*** DATA PROVIDED ***

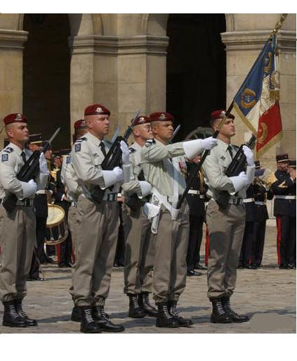 Guard the banner of the 1st Hussars paratroopers (France 2012).
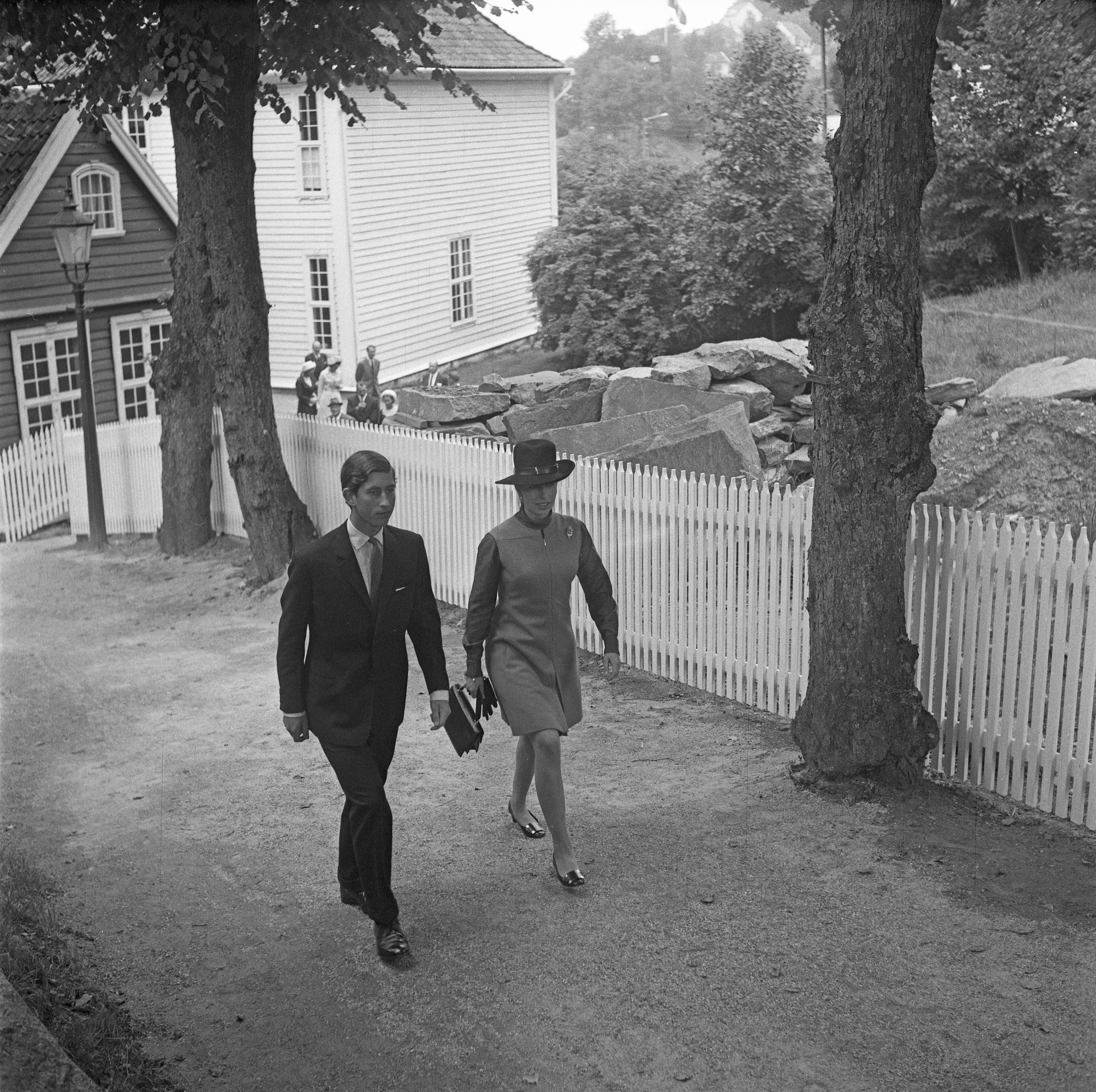 Format: 120 mm sort/hvitt negativ Dato / Date: 7 August 1969 Fotograf / Photographer: Eirik Sundvor (1902 - 1992) Sted / Place: Bergen, Hordaland Wikipedia: Prins Charles (f. 1948) Wikipedia: Prinsesse Anne (f. 1950) Eier / Owner Institution: Trondheim byarkiv, The Municipal Archives of Trondheim Arkivreferanse / Archive reference: Tor.H43.B79.F18337 Merknad: Fra den britiske kongefamiliens besøk i Bergen 1969.
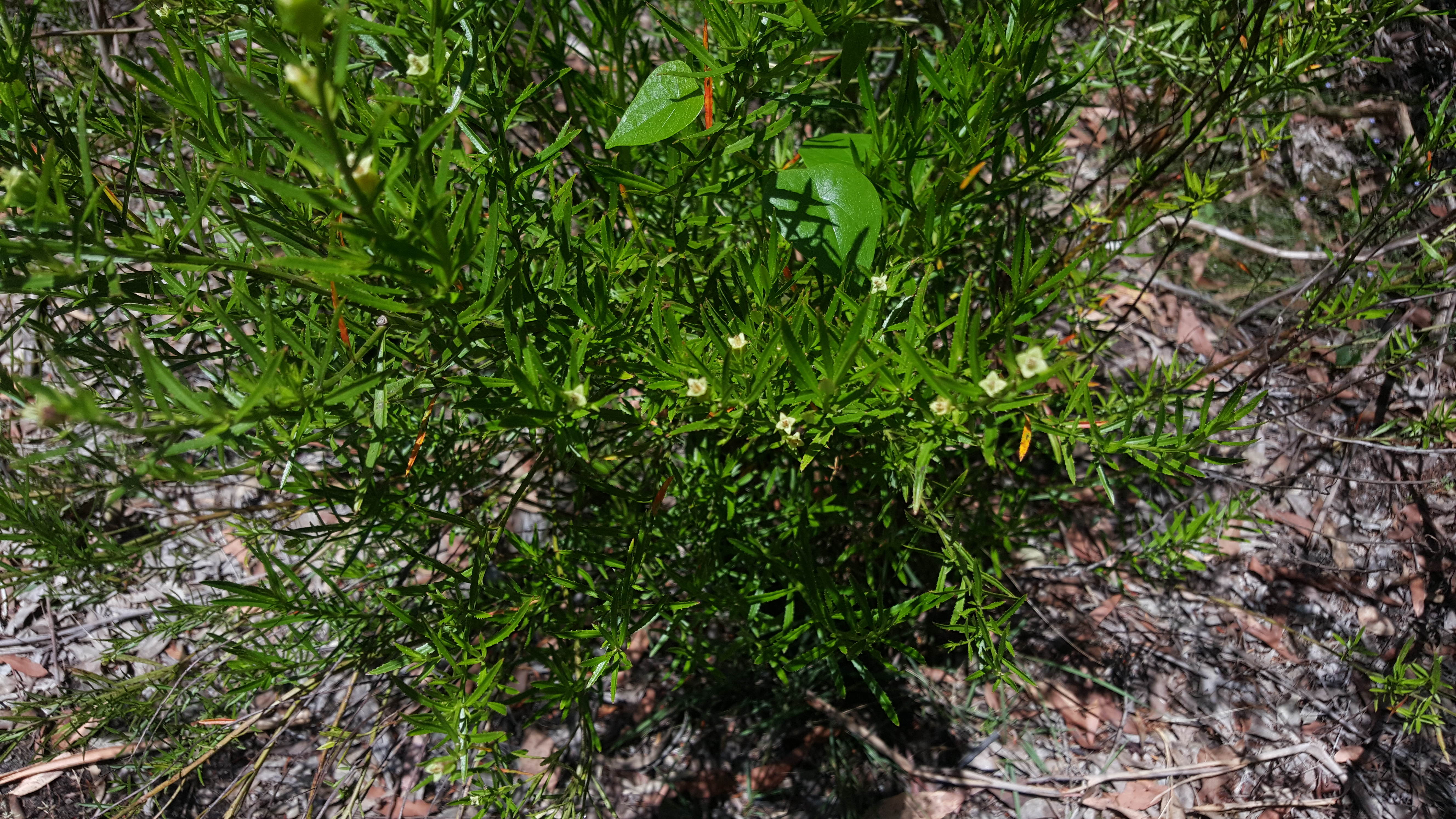 Haloragodendron lucasii, cultivated Sylvan Grove Native Garden, Picnic Point, NSW
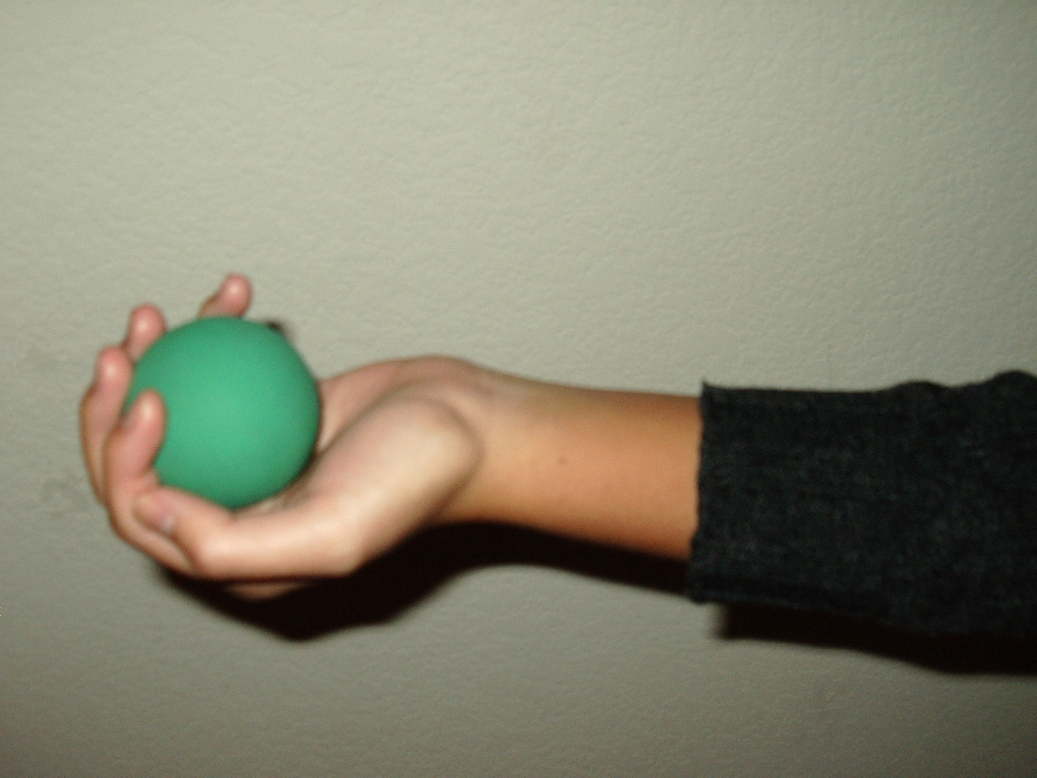 Grip strengthening exercises
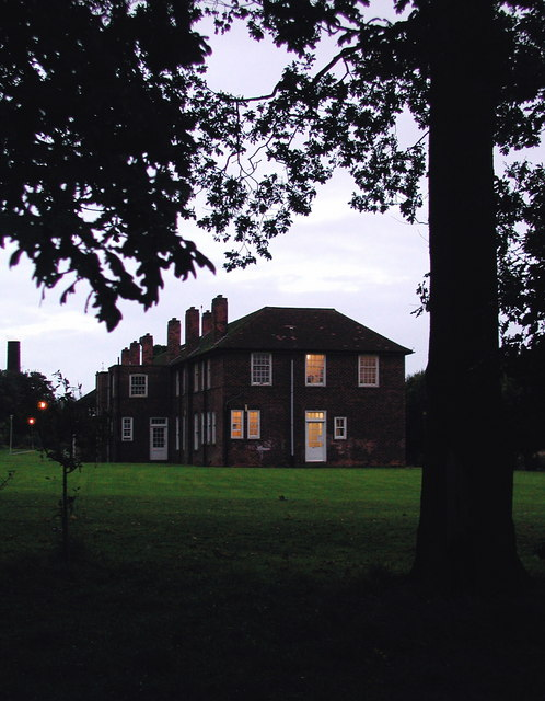 Winestead Hall, Winestead, East Riding of Yorkshire, England.The mansion house at Red Hall Estate known as Winestead Hall was destroyed by fire in the early part of the 20th century and of the original 18th century buildings only the stable block and a walled garden remain. From the 1930s to the mid 1980s the site was used as a mental hospital and most of the present day buildings were built for this purpose between the 1930s and the 1960s. From 1989 to 1998 Winestead Hall was a residential school for disadvantaged children and young people. It is currently home to the 'College for International Co-operation and Development'.
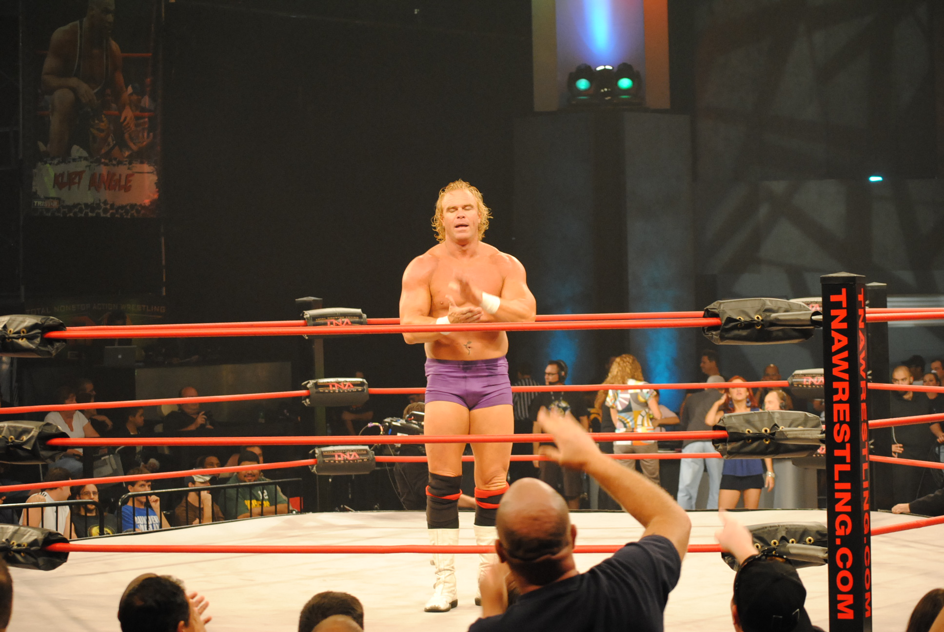 Cute Kip
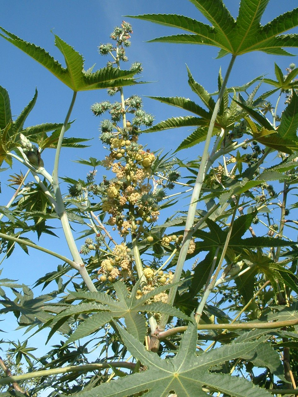 A castor bean plant (Ricinus communis) showing leaves, flowers and young fruit. Photographed by myself today, December 2, 2005, with Fuji FinePix 2650 camera. Rickjpelleg 16:00, 2 December 2005 (UTC)
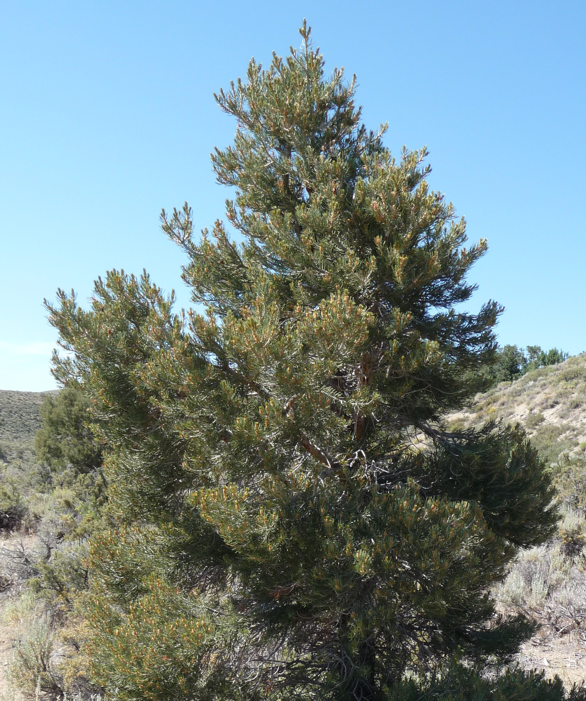 Single-leaf Pinyon Pine (Pinus monophylla) near Lee Vining Creek and Mono Lake, in the Eastern Sierra Nevada, in California.
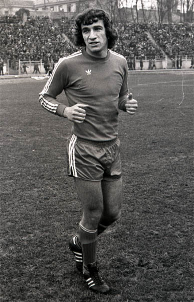 Ionel Augustin playing for Dinamo
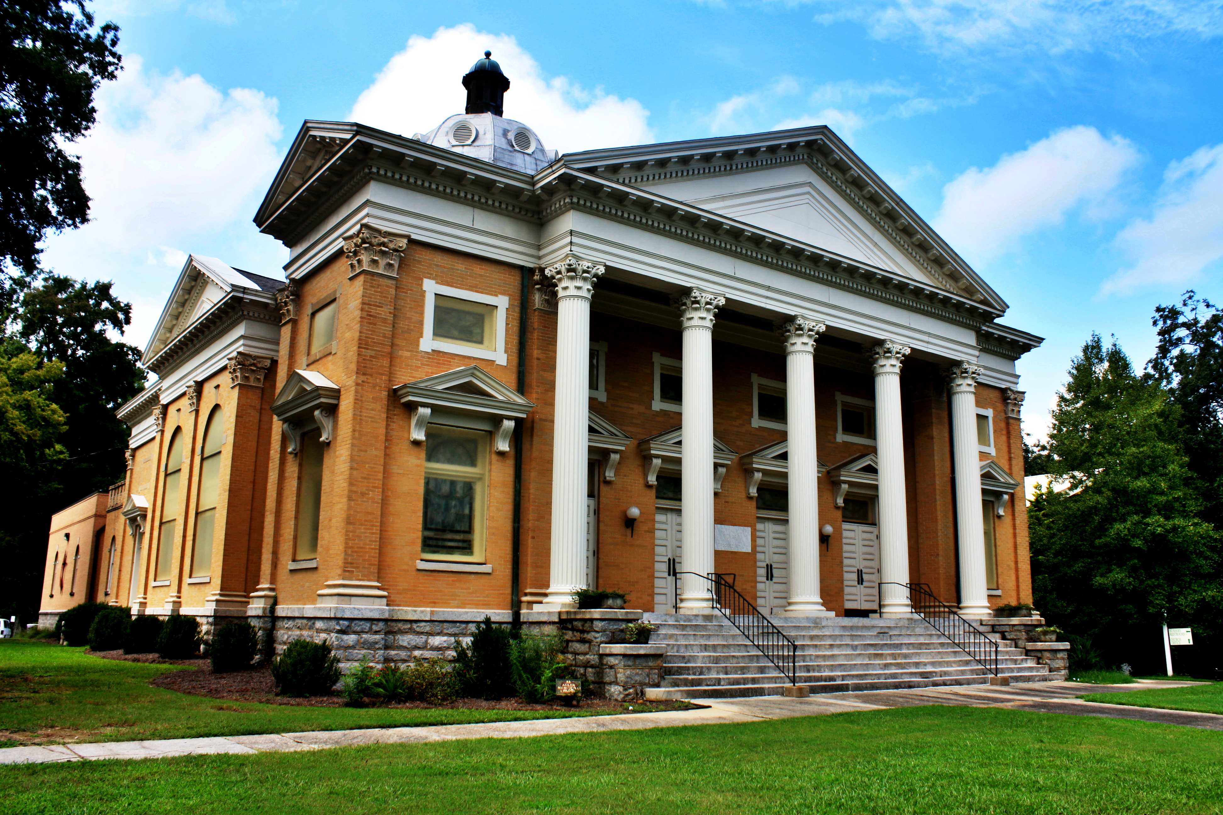 The Young J. Allen Jr. Memorial Church is one of the contributing buildings of the Oxford Historic District.
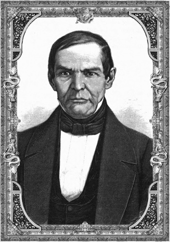 Self-portrait of Pedro María Bernardino Anaya Álvarez, Lithograph (1870-1907).
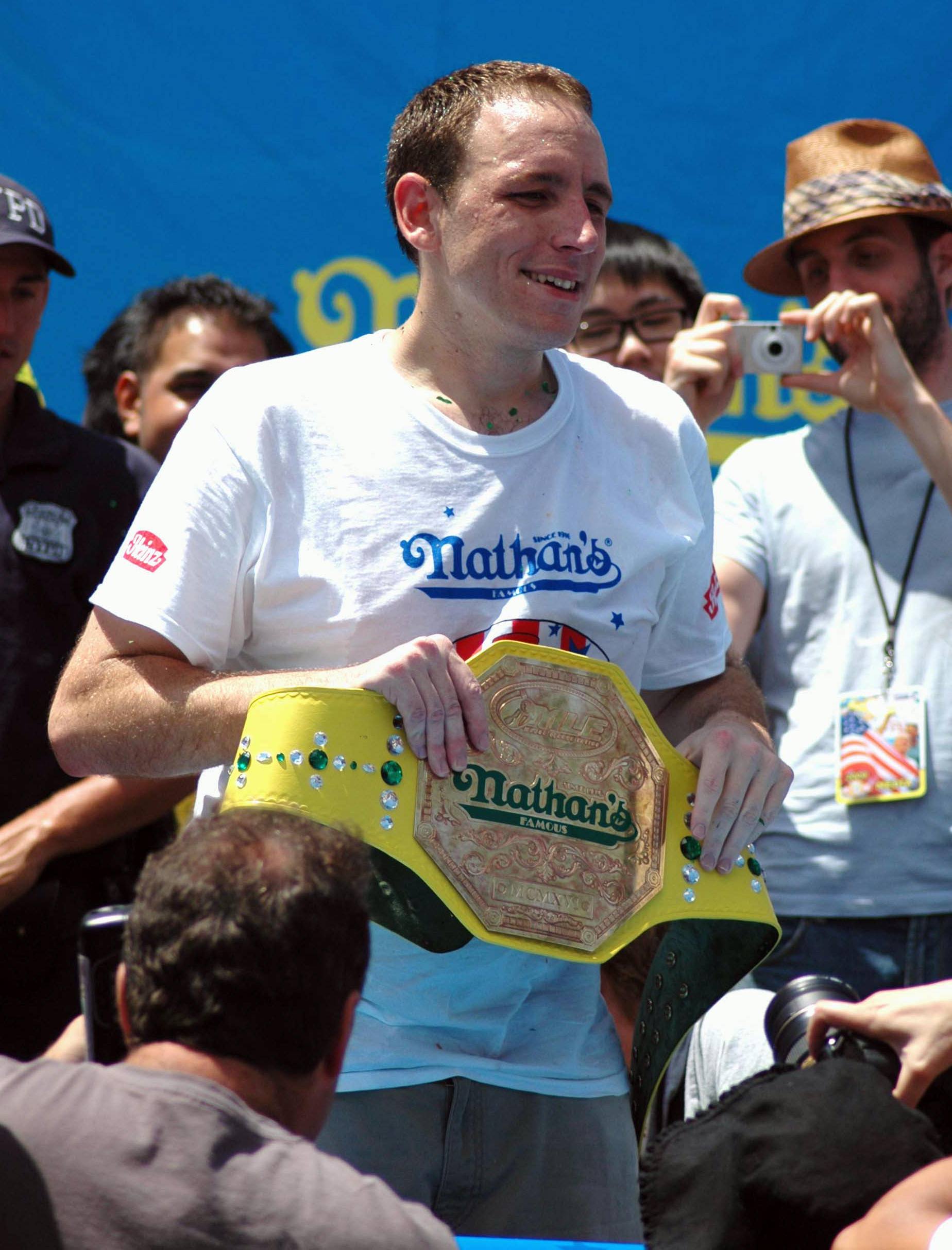 Joey Chestnut has logged his third consecutive win in Coney Island's annual hot dog eating contest with a world-record 68 franks. He defeated his arch-rival, six-time titleholder Takeru Kobayashi, in Saturday's bout. Chestnut led throughout the contest. (original text)

*** End of DATA PROVIDED ***

§ TASK INSTRUCTIONS: Each line from the line containing "Self-portrait of Pedro" through the last line above must be written out exactly, and every picture must be omitted.

§ SOLUTION BELOW:
 Self-portrait of Pedro María Bernardino Anaya Álvarez, Lithograph (1870-1907).
 Joey Chestnut has logged his third consecutive win in Coney Island's annual hot dog eating contest with a world-record 68 franks. He defeated his arch-rival, six-time titleholder Takeru Kobayashi, in Saturday's bout. Chestnut led throughout the contest. (original text)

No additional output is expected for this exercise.